Biostatistics for Clinical Research: A Practical Guide
2026-05-01 • 9 min
Quick Answer
Biostatistics in clinical research means selecting valid endpoints, planning sample size correctly, and matching tests to your study design. When methods align with research questions and assumptions, results become reliable, interpretable, and publication-ready for journals, ethics boards, and evidence-based decision making.
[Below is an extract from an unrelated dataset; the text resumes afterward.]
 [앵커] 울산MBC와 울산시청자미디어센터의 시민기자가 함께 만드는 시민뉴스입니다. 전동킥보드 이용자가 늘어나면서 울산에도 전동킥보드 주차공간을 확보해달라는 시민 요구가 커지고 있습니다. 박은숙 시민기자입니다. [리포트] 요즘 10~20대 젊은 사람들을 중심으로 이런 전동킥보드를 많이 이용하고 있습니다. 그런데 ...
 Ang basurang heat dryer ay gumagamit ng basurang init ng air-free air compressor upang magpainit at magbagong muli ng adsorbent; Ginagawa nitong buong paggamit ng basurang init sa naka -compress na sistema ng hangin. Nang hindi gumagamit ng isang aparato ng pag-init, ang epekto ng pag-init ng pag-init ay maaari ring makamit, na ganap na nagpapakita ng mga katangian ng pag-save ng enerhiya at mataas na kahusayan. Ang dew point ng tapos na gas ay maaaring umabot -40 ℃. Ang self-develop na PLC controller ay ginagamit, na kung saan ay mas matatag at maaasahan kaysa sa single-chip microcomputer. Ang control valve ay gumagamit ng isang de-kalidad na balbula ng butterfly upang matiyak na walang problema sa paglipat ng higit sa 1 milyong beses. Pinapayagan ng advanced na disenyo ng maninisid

Why Biostatistics Is Foundational
Clinical research depends on transparent, reproducible evidence. Biostatistics translates medical questions into testable hypotheses, identifies measurement strategy, and quantifies uncertainty. Without rigorous design and analysis, even large studies can produce misleading conclusions.
Design Before Analysis
Strong projects define primary outcomes, inclusion criteria, confounders, and effect size targets before data collection. This prevents post-hoc bias and protects inferential validity. Protocol-level decisions should document statistical assumptions and fallback methods for non-normal or incomplete data.
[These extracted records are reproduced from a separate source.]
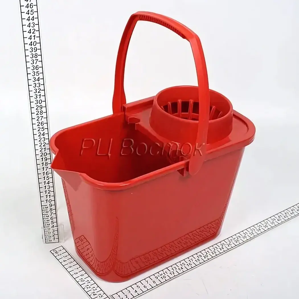 Объём 10 литров оптимален для работы со стандартными швабрами. Красный цвет корпуса сохраняет насыщенность даже при длительном использовании. Прямоугольная форма с компактными габаритами позволяет хранить ведро в узких пространствах.
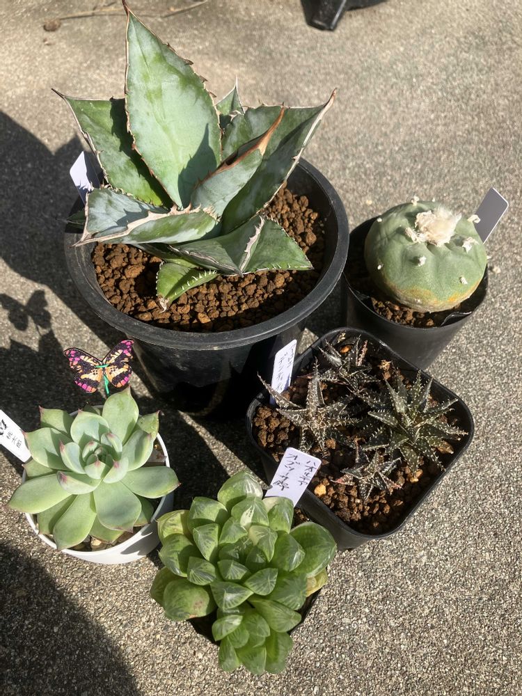 夏に枯らしてしまったエケの桃太郎、お初のアロエ、ハオの斑入り、見つけたら買っちゃうロフォフォラ😂
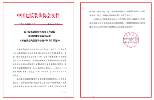 公司主編的首部CBDA博物館裝飾規(guī)程《博物館室內(nèi)裝飾裝修技術(shù)規(guī)程》發(fā)布。
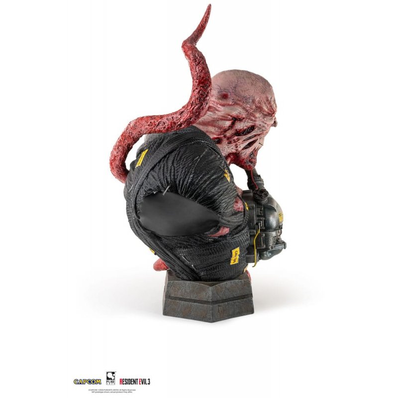 "S.T.A.R.S!"PureArts masterfully crafts the imposing and horrifying bio-weapon from Resident Evil 3, Nemesis, in a massive 1/1 scale bust. His half-exposed face, decaying, stitched skin, protruding teeth, and mechanical tubing are carefully sculpted and painted to create an impressively terrifying bust. Nemesis is mounted atop a concrete-style base bearing the Umbrella Corporation logo, referencing the sinister organization responsible for his creation. Towering at 3 feet tall, you will feel the danger Nemesis brings.Product Size: 92 cmLimited Edition of 150 pcs worldwide.
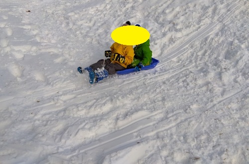 2人乗りのそりにはお友達と仲良く乗ってそり滑りをしていますよ!
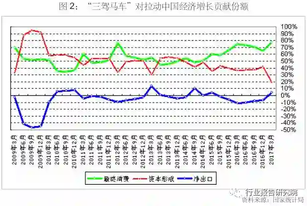 近两年来,最终消费支出对拉动中国经济增长贡献份额总体呈现稳步上升趋势,资本形成贡献份额总体呈现震荡下跌趋势,净出口贡献份额在0%附近震荡,2017年下半年,“三驾马车”对拉动中国经济增长贡献份额预计延续该趋势。
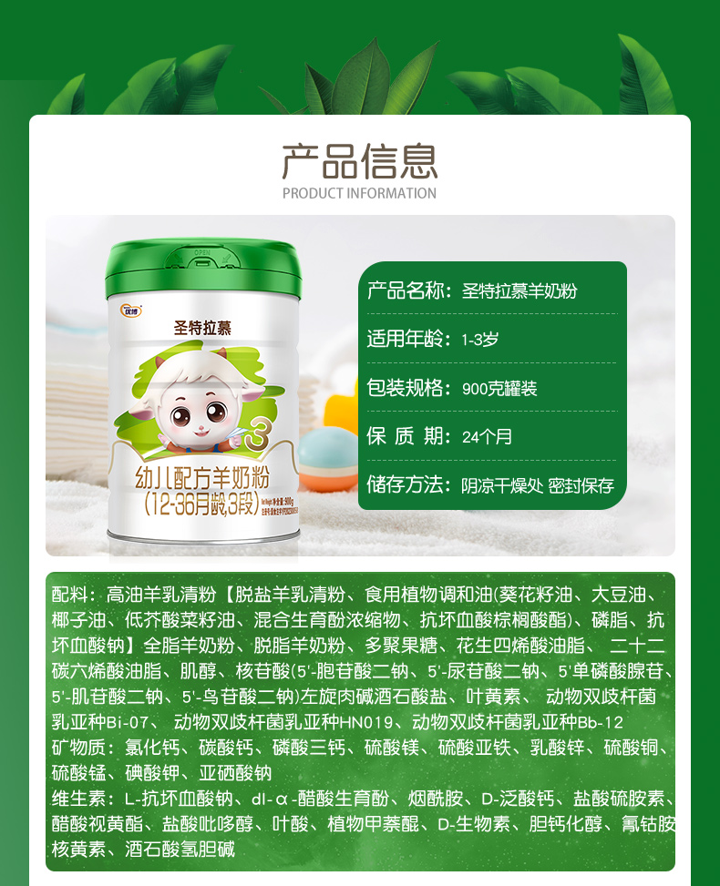【加好友有优惠】圣特拉慕羊奶粉3段900g*6罐【顺丰包邮】

Interpretation and Reporting
Report effect estimates with confidence intervals, clinical context, and model assumptions. Avoid over-reliance on p-values alone. Transparent reporting should include missing-data handling, sensitivity analyses, and practical implications for clinicians and policy stakeholders.
Frequently Asked Questions
What is the first statistical step in a clinical study?
Start by defining a primary endpoint and target effect size, then select an analysis model aligned with study design and outcome type.
Why are confidence intervals important?
Confidence intervals communicate estimate precision and likely effect ranges, offering more context than significance testing alone.